A - 23: Yes, under these specific circumstances.

Q - 24: A road train has a derailment 11 miles outside its initial terminal switching limits and approximately 130 miles short of its final terminal.

(a) Does the rule permit the use of a yard crew from the road crew’s final terminal to handle the train to its final terminal?

(b) May a yard crew from the initial terminal be used to return the rear portion of the disabled train to the initial terminal?

A-24: (a) No.

(b) Yes.

Q - 25: A yard crew was sent outside switching limits to relieve a road crew tied up under the Hours of Service Act and handle the train into the final terminal. While in the process of handling this train, the yard crew was directed to cut off its power and assist another stalled road train, shoving it a distance of approximately one mile.

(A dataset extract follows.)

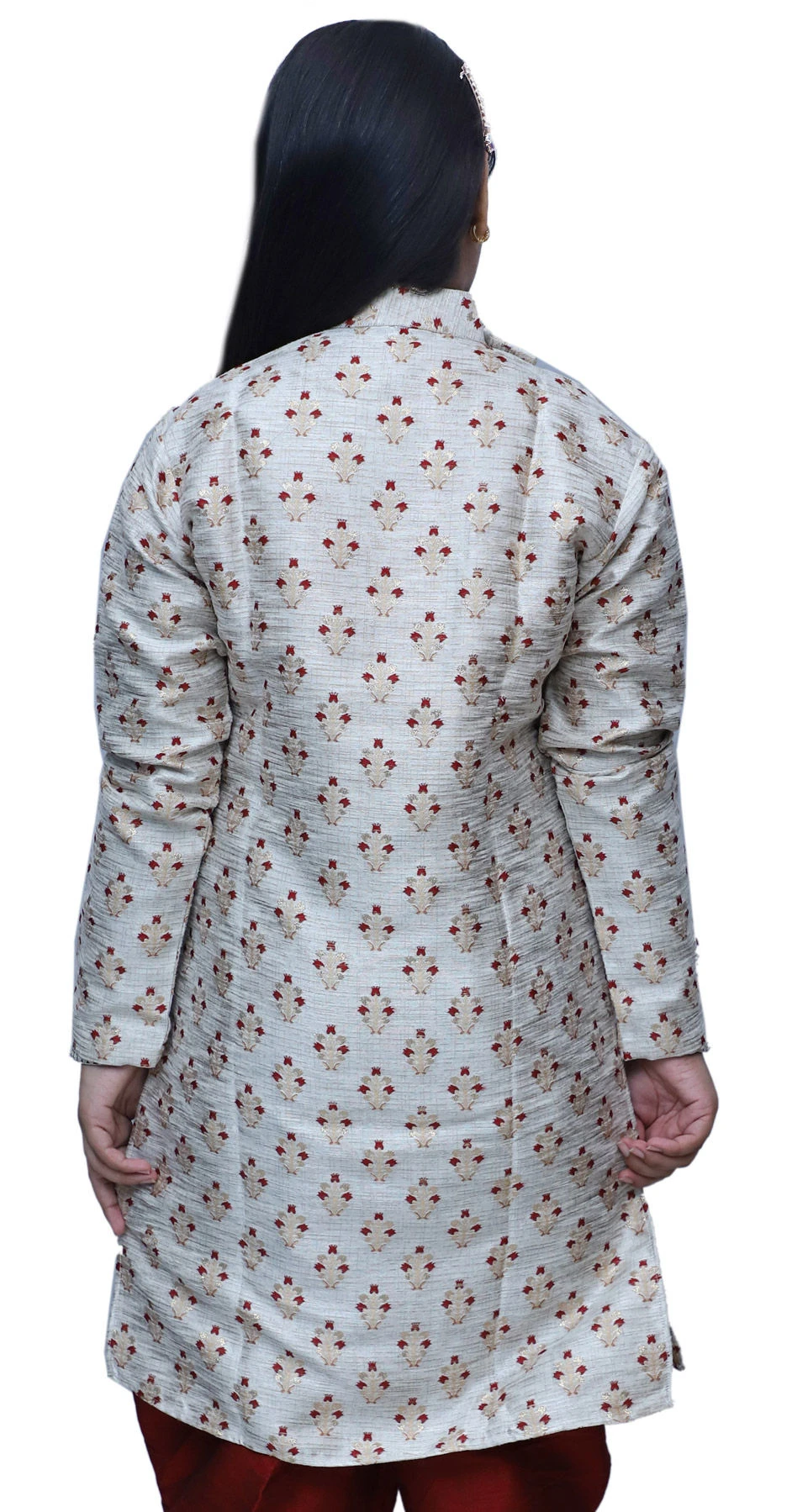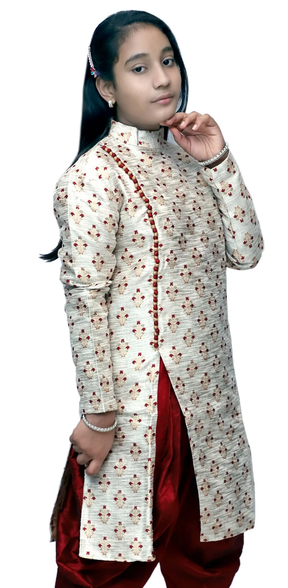 Brocade Girls Dress In Beige And Brown With Weaving Work
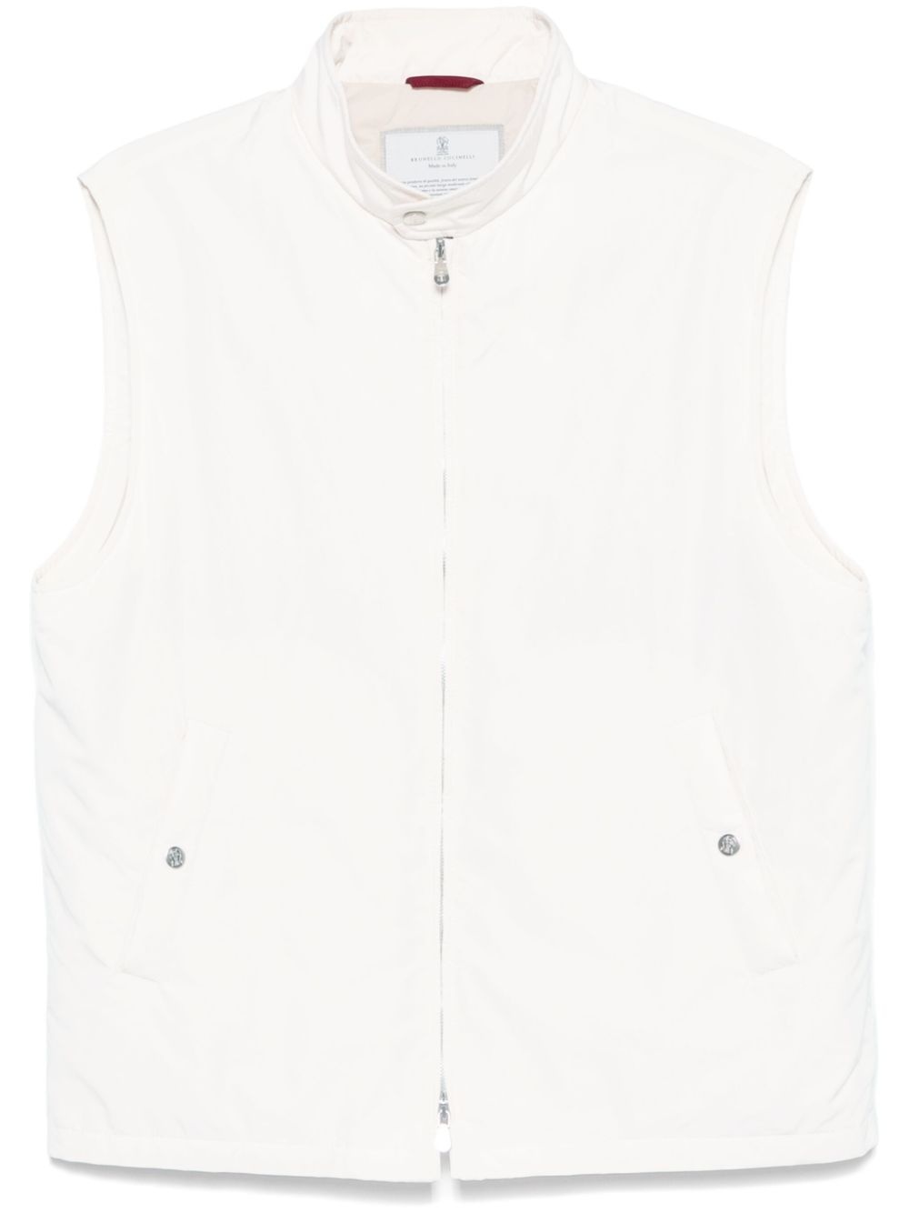 lightweight gilet Highlights - Almond beige - Front two-way zip fastening - Front press-stud fastening - Two side welt pockets - Multiple internal slip pockets Made in Italy Composition Outer: Polyester 70%, Polyamide 30% Lining: Nylon 100%, Polyester 100% SIZE & FIT Model measurements Height 6 ft 2 in(1.88 m) Bust/Chest 36.61 in(93 cm) Hips 36.61 in(93 cm) Waist 29.92 in(76 cm) FittingInformation Designed for a regular fit, allowing for a comfortably loose fit throughout the body Made from a padded non-stretch fabric, giving it no natural elasticity Washing instructions Dry Clean Only

Is it permissible under these circumstances to use a single yard crew to handle both a train tied up under the Hours of Service Act and to also assist a second stalled train while in the road yard service zone?

A - 25: Yes, provided that the stalled road train had sufficient power to operate over the terrain. (See Question & Answer No. 22 under this Section, as distinguished from Question & Answer No. 21).

Q - 25: Does the Carrier have the right to use engineers, who have been restricted to yard service by the Carrier for physical reasons, to handle disabled trains and/or trains tied up under the Hours of Service Act outside switching limits in road-yard service zones?

A - 26: This is a matter to be determined on a local basis in accordance with existing agreements, rules or practices.

Q - 27: If penalty payments for violations of the schedule agreement occur while a yard crew is performing service in accordance with this rule, may the Carrier deduct the time spent by the yard crew in road service from the penalty payment allowed?

A - 27: The yard crew is entitled to payment under the national rule for the time spent outside of switching limits. Penalty payments for service performed outside the rule is a matter to be determined locally by the parties.

Q - 28: Carrier instructions require road crews to be certain that their trains are within the 15-mile road/yard service zone before they are tied up under the Hours of Service Law. In cases where these road trains are tied up outside the 15-mile limit, can the Carrier require yard crews to perform service under this rule?

A - 28; No. The rule limits the use of yard crews to within the 15-mile limit.

Q - 29: A yard crew is used within the 15-mile zone to relieve a road crew tied up under the Hours of Service Law. Upon arrival, within switching limits, the yard crew is required to set out cars on a foreign Carrier’s interchange track, such set out being a regular function of the road crew being relieved. Under these circumstances, is the yard crew entitled to an additional day’s pay for performing service other than yarding the train in its final terminal?

A - 29: No, providing that yard crews also have the right to deliver interchange cars on this track.

Q - 30: A yard service engineer, performing service on a holiday and qualified to receive the time and one-half rate for such service, is used within the 15-mile zone to handle a road train tied up under the Hours of Service Law. Is the engineer entitled to compensation at the time and one-half rate for the time consumed performing service outside the switching limits?

A - 30: No. The engineer would only be entitled to the straight time rate for the service performed outside switching limits, as provided for in application of the “emergency rule”.